Quelles conséquences ?
-&gt; Cette commande va corriger du mieux qu'elle peut les différentes erreurs qu'elle rencontrera. "Du mieux qu'elle peut" ne signifie pas que ce sera parfait ; le contenu de certains fichiers ne pourra peut-être pas être réparé correctement.

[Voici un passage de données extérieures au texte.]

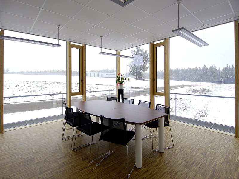 Die Trennwand zwischen Produktion und Verwaltung ist als doppelschalige Wand aus KVH-Ständern ausgeführt mit F-90 Anforderung. Die sichtbare Oberfläche in der Verwaltung ist eine gespachtelte und weiß gestrichene Gipsfaserplatte. Beheizt wird das Gebäude durch eine Gasbrennwertheizung. Zusätzlich wird die Kompressorabwärme über eine Wärmerückgewinnung genutzt. Im Verwaltungsgebäude ist eine Fußbodenheizung eingebaut. In der Produktionshalle sind an der Decke Radiatoren ("Klix") montiert, an die gleichzeitig die Beleuchtung integriert ist. Außerdem wurde im Technikraum ein späteres Nachrüsten eines Blockheizkraftwerks eingeplant.
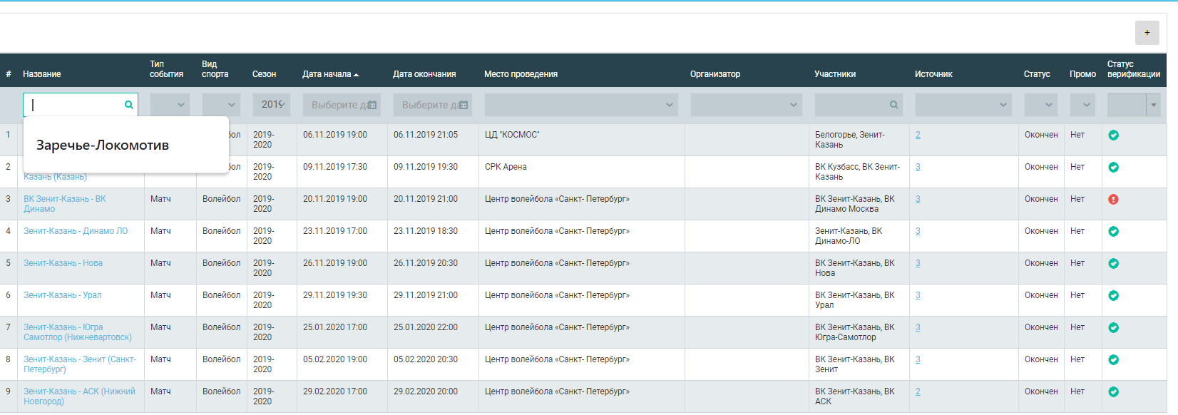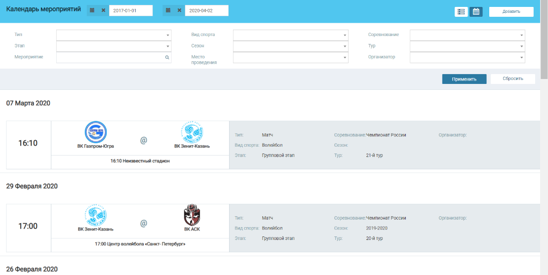 При переходе в данный раздел открывается таблица со списком мероприятий.

Voilà, c'est pas une râlerie pour que les gens arrêtent de s'aider, mais juste pour que tout le monde fasse un peu plus attention.

Just my two cents


----------



## maccessoire (23 Août 2003)

En fait j'ai parlé un peu tôt, hier j'ai fait 2 redémarrage successifs et tout allait bien. Aujourd'hui j'essaye et rien, écran noir. ça a marché au bout d'une trentaine de redémarrage.
Pour revenir à la commande tapé hier, (fsck -y) je l'ai tapé une seule fois et j'ai eu la réponse qui avait été indiquée.
Je ne suis effectivement pas d'un niveau top, merci de me commenter vos remarques. Y'a pas de raison, je ne demande qu'à progresser.
Donc pour me résumer, j'ai toujours les mêmes symptomes (klong de démarrage, écran noir, le disque tourne sans rien faire).
D'après vous quelles sont les pistes ?


----------



## nekura (23 Août 2003)

maccessoire a dit:
			
		

> En fait j'ai parlé un peu tôt, hier j'ai fait 2 redémarrage successifs et tout allait bien. Aujourd'hui j'essaye et rien, écran noir. ça a marché au bout d'une trentaine de redémarrage.
> Pour revenir à la commande tapé hier, (fsck -y) je l'ai tapé une seule fois et j'ai eu la réponse qui avait été indiquée.
> Je ne suis effectivement pas d'un niveau top, merci de me commenter vos remarques. Y'a pas de raison, je ne demande qu'à progresser.
> Donc pour me résumer, j'ai toujours les mêmes symptomes (klong de démarrage, écran noir, le disque tourne sans rien faire).
> D'après vous quelles sont les pistes ?



Les pistes données plus haut sont un bon point de départ :
- Que donne un boot depuis ton CD mac os 9 / os x ?
=&gt; Si ça boote très bien depuis l'un de ces CD, c'est que ton problème ne vient pas de la ram ou de ta carte graphique, par exemple. Ca pourrait être un problème matériel au niveau du disque, ou tout simplement que ton OS sur le disque dur est abîmé au delà de ce que peut réparer fsck.

- Que dit le CD "Hardware test" si tu bootes dessus ? Ce CD teste tout un tas de composants matériels de ta machine, il pourra diagnostiquer tout un tas de choses.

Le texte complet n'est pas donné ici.